Alright, well honestly my problem lies with part B at this point, I am having trouble figuring out what model I should be using (Active, Saturation, Cut-off) etc. Every model I have tried to use has been inconsistent so far. i.e Base current was negative for Active, which I'm not sure is ok.

Thanks

 

[esun]

Okay so you ruled out forward active. Why can't it be in saturation or cut-off? Show me what you derived there.

 

[ussfletcher]

Alright, well for saturation, I thought that Vce would not be equal to Vce(sat) because of the 15v source. i.e 15V + .2v is not equal to .2v

For cut-off it requires Vbe > Vbe(on) (from my notes) which would not be true, because it would be atleast equal if not less than.

Edit:
Hm, i think I found a contradiction in my notes here

 

[ussfletcher]

I now believe that they match the conditions for cut-off.. would this be correct?

 

[esun]

Okay you're starting to get. I think the most important thing to remember about the BJT is that it really is just two pn junctions and that cut-off, saturation, and active are just three combinations of those pn junctions being on/off.

So in cut-off both junctions are off. That means very little (or, in approximation, zero) current is being conducted through the junctions. This means I_B and I_C are both approximately zero. How do we verify this is true? We use the assumption that I_B and I_C are zero and solve for V_BE and V_BC and see if they are large enough to turn on their respective junctions.

If I_B = 0, then we can see that V_BE < 0 since 470k < 1M, which satisfies our constraint. If I_C = 0, then V_BC < 0 as well since there will be no drop across the 10k resistor. Therefore the conditions for cut-off are satisfied.

 

[ussfletcher]

So then, would V_ce be 15v? , because I see that that must be > .2v

 

[esun]

Think about it. In cut-off I_C = 0. V_CE comes naturally from that.

I don't see why you think V_CE must be greater than 0.2 V either. Why do you think that?

 

[William Gaatjes]

Did you succeed in your tests ?

If your interested, i always use an ideal version of a transistor to start with.
Then some variables become constants and it is easier to see.

If you take V-be as a constant and assume there is no base current you can simplify things to start with and then afterwards you replace all ideal situations with real life situations and recalculate.
Always write down the b c and e for the base collector and emitter respectively.

Always write down that there is a V-be between base and emitter and with the polarity signs.
Even draw a small diode in parallel with the transistor where anode is B and kathode is E for a NPN BJT (reverse it for a PNP).
When you do that you see you have a lot more information to use.

Ideal :
V-be is always 0,7 Volt seen from the emitter. V-ce (saturation) is 0 Volt.

For example draw up 2 situations :
1, where the transistor is maximal conducting and Ic = V power supply / Rload. Rload = Rc. Rce = 0Ohm. Rce is 0 Ohm because we assumed an ideal transistor with V-ce(saturation) = 0. 0/ I = 0.
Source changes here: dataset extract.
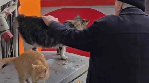 Karabük'ün Safranbolu ilçesinde ismi öğrenilemeyen bir yaşlı adam, Sadri Artunç Caddesi'nde sokak kedilerini elleriyle besleyerek izleyenlerin yüreğini ısıttı.

See the transistor ce connection as a single resistor of 0 Ohm. And place a virtual volt meter over the rCollector and Rce.
What do you measure ?


2, where no current flows at all. See the transistor ce connection as a resistor with infinite resistance in series with R collector. Then place again a virtual voltmeter over Rcollector and over Rce. What do you measure ?


Sometimes you have to start from the end to get to the beginning.
You know what you want as output. Then when you know this, you calculate back to the input.

And use Ohms law. U = I * R is your best friend here.

I have on purpose left 1 important thing out. ^_^
Why does a transistor conduct a current from collector to emitter ?